In the postwar period, most of EUR was remade into a business center. It bears an eerie resemblance to a de Chirico painting, with its grandiose structures set along axial boulevards nearly a mile long. Several of the buildings intended as exposition pavilions are now corporate and government offices as well as quarters for half a dozen museums. A major new convention hall is being planned in a bid to burnish EUR's allure as an international commercial center.
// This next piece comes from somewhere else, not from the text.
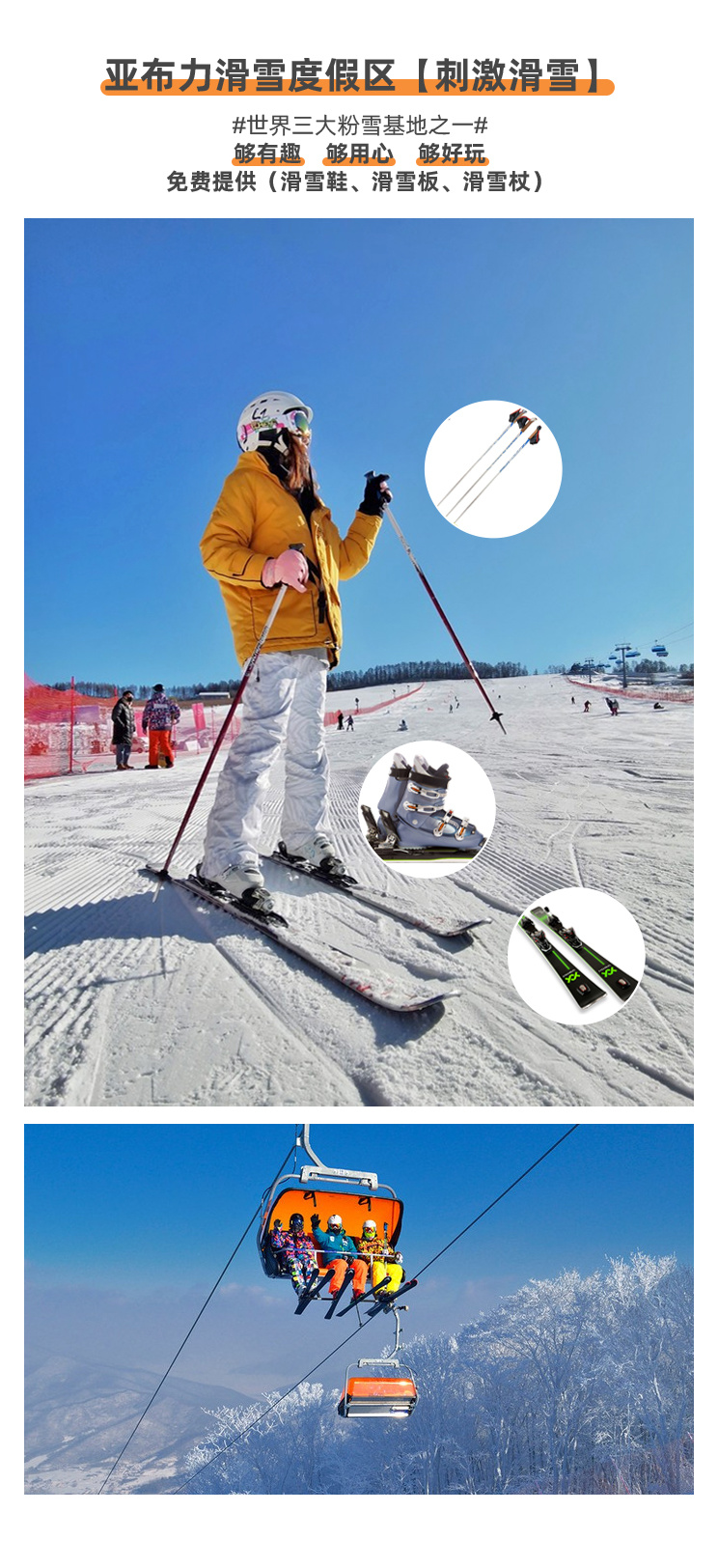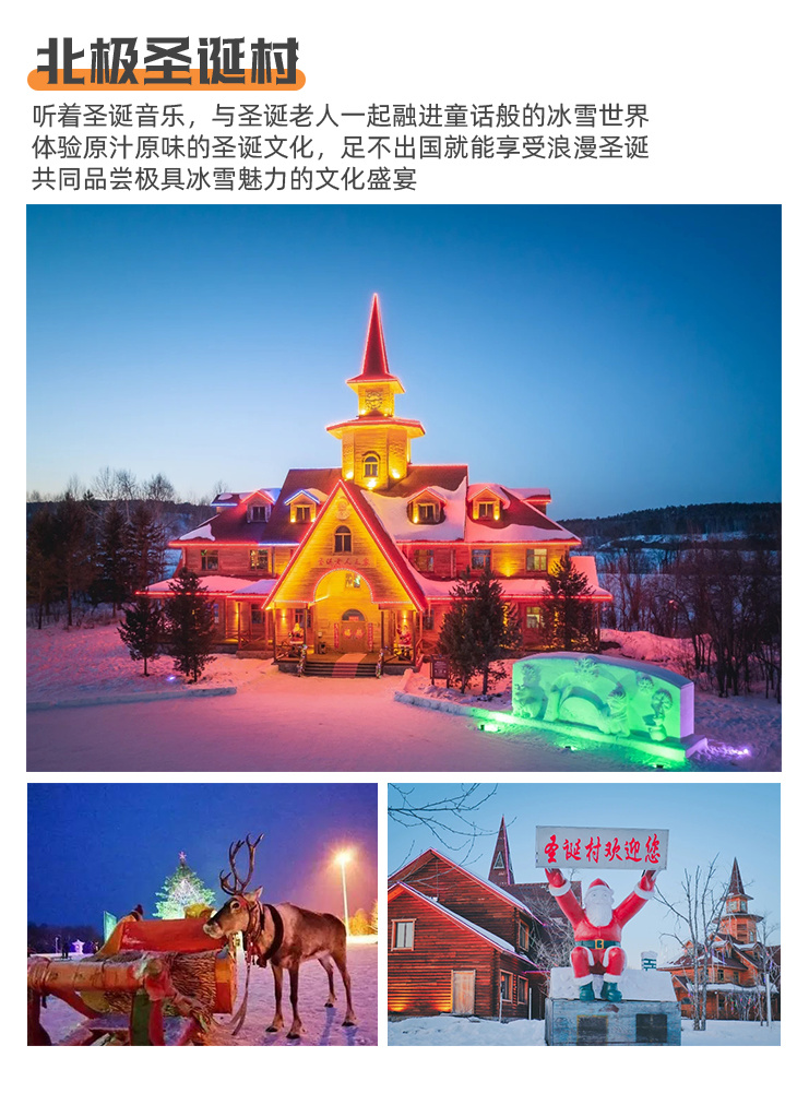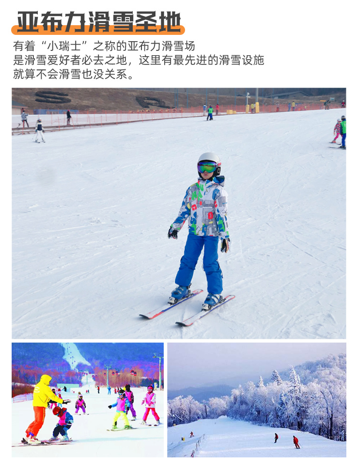 5、全程门票费:亚布力初级滑雪3小时(包含雪板、雪鞋、雪仗)、雪乡门票+景交车、北极村门票、圣诞村门票、龙江第一湾+乌苏里浅滩门票、驯鹿苑门票

At the Piazza Augusto Imperatore in central Rome, less consensus surrounds the value of another Modernist building of the Fascist period, a 1938 pavilion sheltering the Ara Pacis, a monumental Roman altar dedicated in 9 b.c. to the peace established by Augustus. It is to be replaced with a new museum by Richard Meier, which will house the altar. “The ruination of the Ara Pacis!” warn posters put up near the site by right-wing activists. University art students have also demonstrated, distributing leaflets that superimposed the face of then-Mayor Francesco Rutelli, the leading advocate of Meier's design, on the body of Mussolini.

Some Roman detractors irreverently compare Meier's design to a gas station, while one of Italy's most prominent art historians and critics, the late Federico Zeri, lambasted Meier as "an architect who knows ancient Rome as I know Tibet." But other Italians deem Meier, the Pritzker Prize— winning architect of the Getty Center in Los Angeles, a fitting choice for the sensitive commission. "Meier's architectural language is explicitly inspired by Italian rationalism of the 1920's," said Mario Manieri Elia, a historian advising the city of Rome on the project. "One sees this in its light color, large surfaces, the purity of line, the rigid and cold geometry."
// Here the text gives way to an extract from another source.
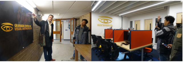 本次出访目的在于增进云南大学影视人类学科与曼大影视人类学教学的多方位合作与交流。在中心主任欧文教授的带领下,赵春盛书记一行参观了格林纳达影视人类学中心耗资50万英镑装修一新的电影与媒体实验室、多媒体教室和后期剪辑室,对曼大影视人类学专业的教学硬件要求留下深刻印象。随后,在欧文教授的安排下,四位中国教师参加了由安迪·劳伦斯(Andy Lawrence)教授所讲授的“民族志纪录片电影制作课程”、由约翰勒斯·索勃格(Johannes Sjoberg)教授讲授的“人类学、媒体与表演课程”、参与旁听由欧文教授讲授的“视觉、感觉和记忆”研究生课程,观看中心硕士、博士研究生最新影视作品,并参与“VR技术工作坊”交流,中英教师们之间就影视人类学理论前沿、民族志电影制作教学经验进行相互交流与学习。
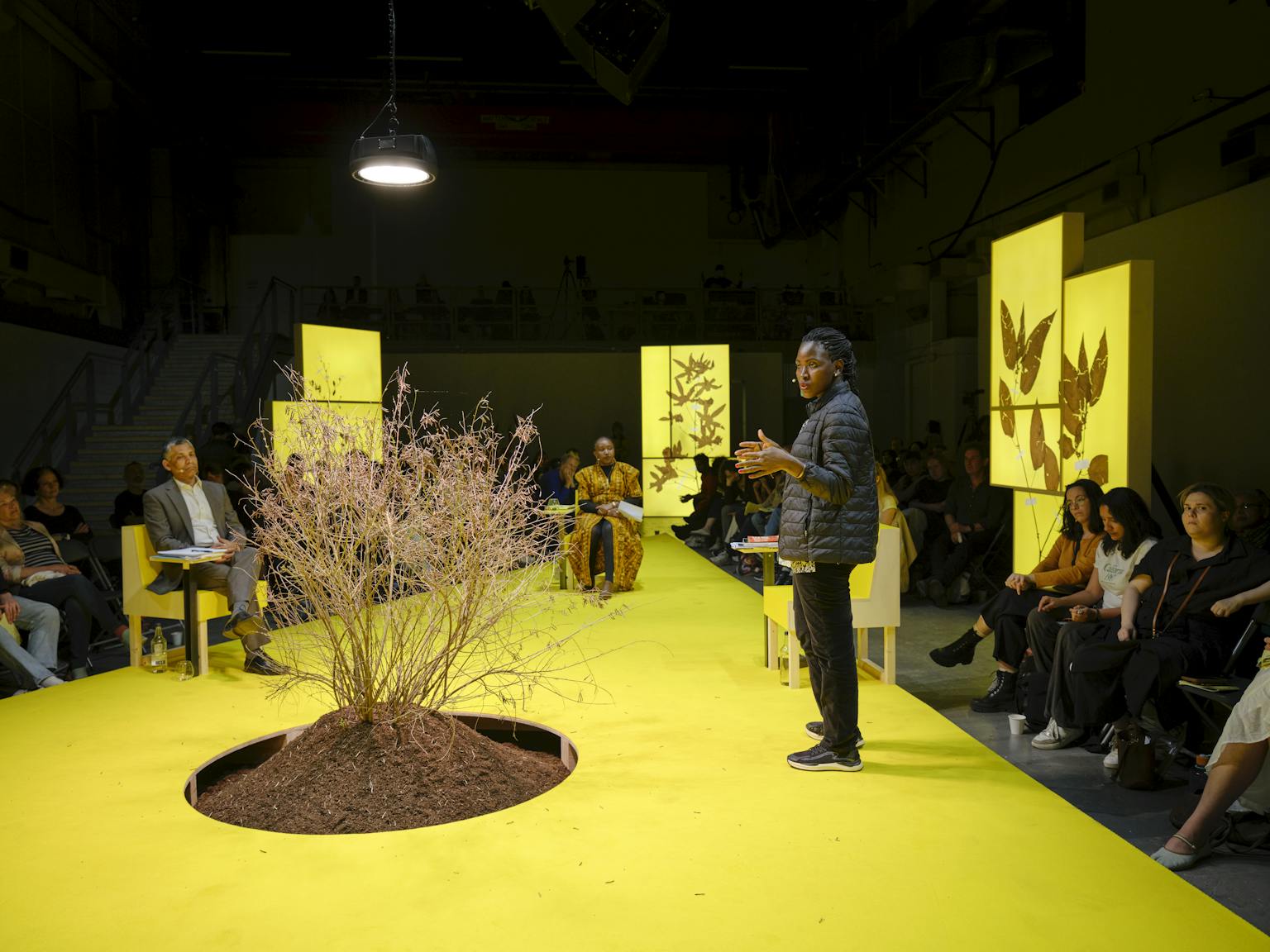 The Court for Intergenerational Climate Crimes (CICC), established by lawyer, scholar, and activist Radha D’Souza and artist–researcher Jonas Staal, is a project that ‘stages public hearings in immersive installations functioning as a court, to prosecute intergenerational [i.e., past, present, and future] climate crimes committed by states and corporations acting together’.16 It does this through the form of a ‘more-than-human tribunal’ that includes the representation of extinct species and non-human agents such as plants, alongside judges and a public jury, composed of the audience, that is tasked with passing a verdict based on the Intergenerational Climate Crimes Act, the legal foundation of the work, which assembles and supplements progressive elements of legal and political thought such as the rights of nature, interdependency, the rights of future generations, transformative justice, and so on.17

Meier's design has touched a raw nerve for two reasons. It poses the vexed question of whether it is acceptable to remove a Fascist-era landmark, and it represents the first major new architecture to rise in Rome's historic center in some 60 years. The city official in charge of historic monuments, Eugenio La Rocca, hopes that it will be the first step in redesigning the entire piazza, located between the Neoclassical Piazza del Popolo and the domed Pantheon.

Whereas the Foro Italico is by and large a design success—thousands come to use its sporting facilities—the Piazza Augusto Imperatore has proved both an aesthetic and urbanistic failure. At its core stands the mausoleum of Emperor Augustus, now desolate and closed to the public. Mussolini had envisioned the circular tomb as his own final resting place, and in planning the piazza he had hoped to draw parallels between the Augustan Age and his own epoch. Now pedestrians regularly shun the square.
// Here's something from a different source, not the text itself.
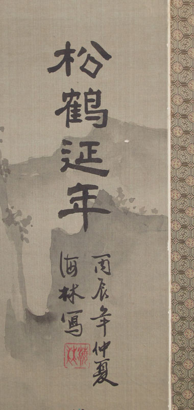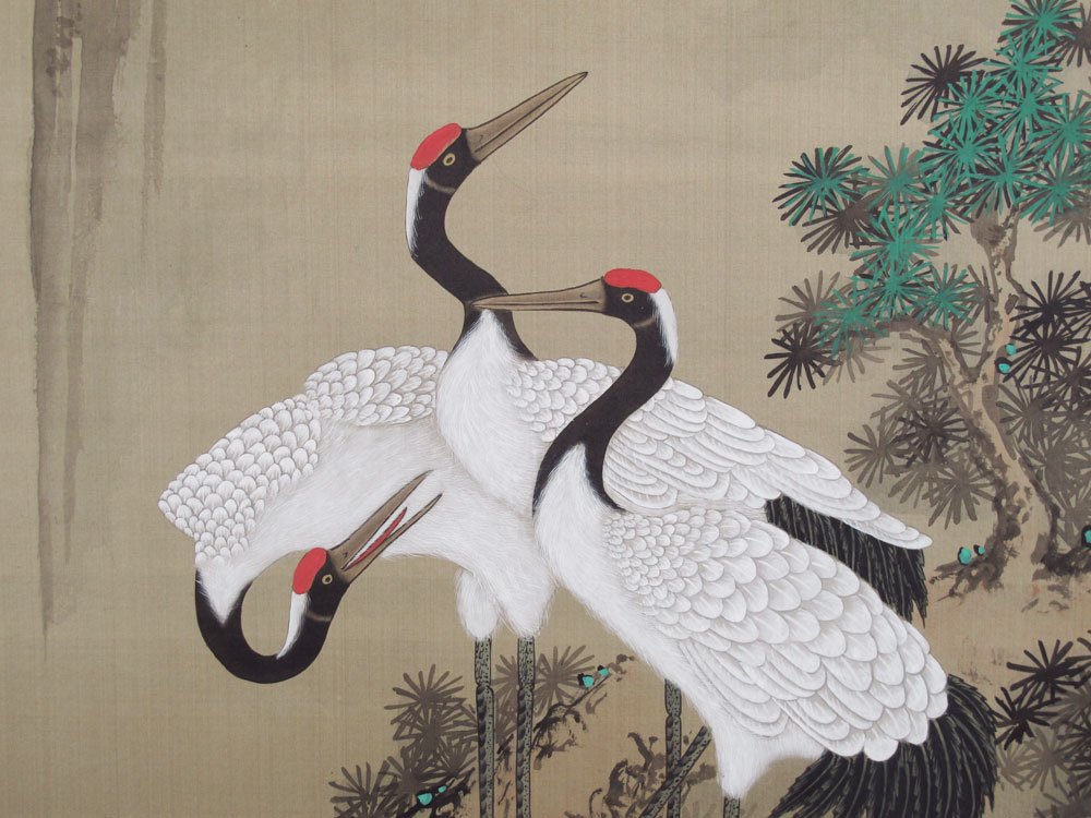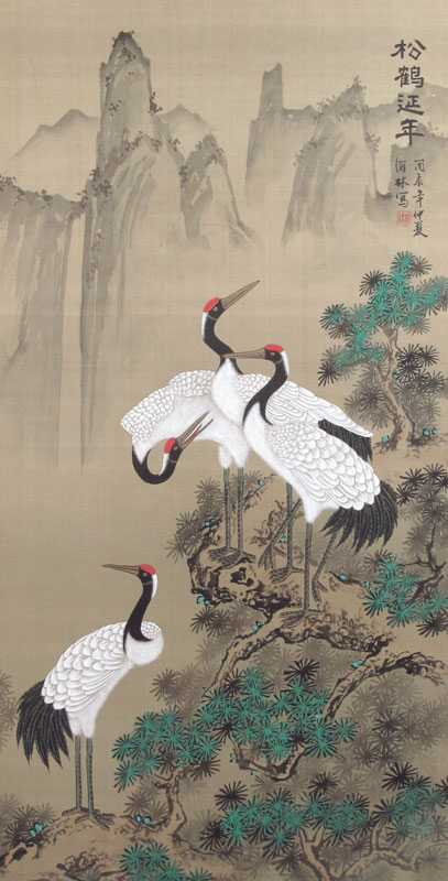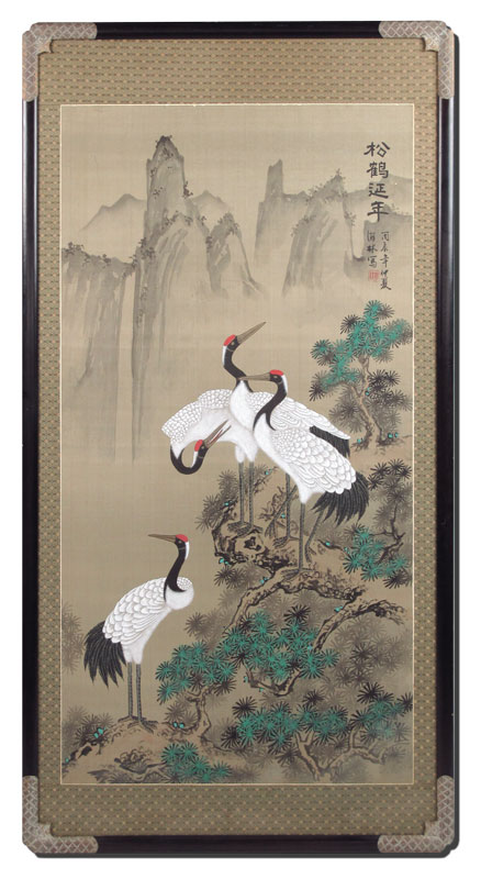 LARGE CHINESE INK AND COLOR ON SILK: 20th C. image of cranes, characters for longevity. Signed and dated. Laid down on board. Framed, 60'' x 32''.

In 1937 Mussolini ordered the Ara Pacis moved from another site in Rome. Reliefs on the altar's side portray the emperor Augustus and his children, while Fascist iconography around the piazza echoes this glorification of family, fecundity, and agrarian life. Mussolini also tapped into the martial aspect of the Augustan Age; another set of friezes on the square depicts Roman armaments alongside more modern gear like gas masks and pistols. The bellicose imagery and the Fascist architectural ensemble of drab stone and red brick add up to a decidedly inhospitable public space.

Meier's elegant solution could go some way toward improving the awkward site. He sees the museum, due to open in 2002, as a foretaste of further changes. In his view, the piazza's remaining Fascist-era buildings are not worth preserving. "It's great to have a city frozen in time," Meier says, "but to keep it viable some aspect has to move it along."

Next year, an international architectural competition is expected to be held to enliven the square. Several prominent architects have already come up with proposals for the site. In the meantime, the controversies may lead to a more nuanced understanding of Rome's Fascist architectural legacy and the circumstances that created it. "With the increasing distance between us and Fascism, this architecture has become part of our heritage," says architectural historian Giorgio Ciucci. "Rather than dividing ourselves into pro- or anti-Mussolini, today it's more useful for us to understand that we have a history of light and shadow."